Assignment - Copy exactly the lines of the material below that run from the one containing "A party thank" through the one containing "Color: Green Material: 100%". Copy no other lines.

Data to use -
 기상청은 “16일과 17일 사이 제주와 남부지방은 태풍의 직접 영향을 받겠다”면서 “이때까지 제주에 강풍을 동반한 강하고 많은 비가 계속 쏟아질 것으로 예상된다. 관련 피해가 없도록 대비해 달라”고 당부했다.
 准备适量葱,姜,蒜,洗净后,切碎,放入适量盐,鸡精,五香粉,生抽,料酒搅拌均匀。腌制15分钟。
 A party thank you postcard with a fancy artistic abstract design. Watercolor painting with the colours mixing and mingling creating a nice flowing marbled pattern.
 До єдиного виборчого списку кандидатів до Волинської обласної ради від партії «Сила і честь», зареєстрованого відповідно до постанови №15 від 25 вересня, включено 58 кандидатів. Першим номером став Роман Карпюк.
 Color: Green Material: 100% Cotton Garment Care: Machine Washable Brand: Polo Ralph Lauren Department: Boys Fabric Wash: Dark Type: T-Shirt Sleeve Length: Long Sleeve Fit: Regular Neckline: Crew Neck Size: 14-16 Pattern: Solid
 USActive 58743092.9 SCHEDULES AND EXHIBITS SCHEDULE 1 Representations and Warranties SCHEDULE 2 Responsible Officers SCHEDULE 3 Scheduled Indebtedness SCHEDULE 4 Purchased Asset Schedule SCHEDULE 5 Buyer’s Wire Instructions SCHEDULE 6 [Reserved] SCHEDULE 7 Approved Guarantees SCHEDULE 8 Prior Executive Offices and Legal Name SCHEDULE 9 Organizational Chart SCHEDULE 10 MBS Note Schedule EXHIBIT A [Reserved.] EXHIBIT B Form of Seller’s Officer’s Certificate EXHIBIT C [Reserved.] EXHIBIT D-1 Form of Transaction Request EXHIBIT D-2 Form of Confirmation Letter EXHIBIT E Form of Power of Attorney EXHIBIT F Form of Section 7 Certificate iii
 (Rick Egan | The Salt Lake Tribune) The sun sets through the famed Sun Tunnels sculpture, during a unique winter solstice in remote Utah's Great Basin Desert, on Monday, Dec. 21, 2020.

Exercise output -
 A party thank you postcard with a fancy artistic abstract design. Watercolor painting with the colours mixing and mingling creating a nice flowing marbled pattern.
 До єдиного виборчого списку кандидатів до Волинської обласної ради від партії «Сила і честь», зареєстрованого відповідно до постанови №15 від 25 вересня, включено 58 кандидатів. Першим номером став Роман Карпюк.
 Color: Green Material: 100% Cotton Garment Care: Machine Washable Brand: Polo Ralph Lauren Department: Boys Fabric Wash: Dark Type: T-Shirt Sleeve Length: Long Sleeve Fit: Regular Neckline: Crew Neck Size: 14-16 Pattern: Solid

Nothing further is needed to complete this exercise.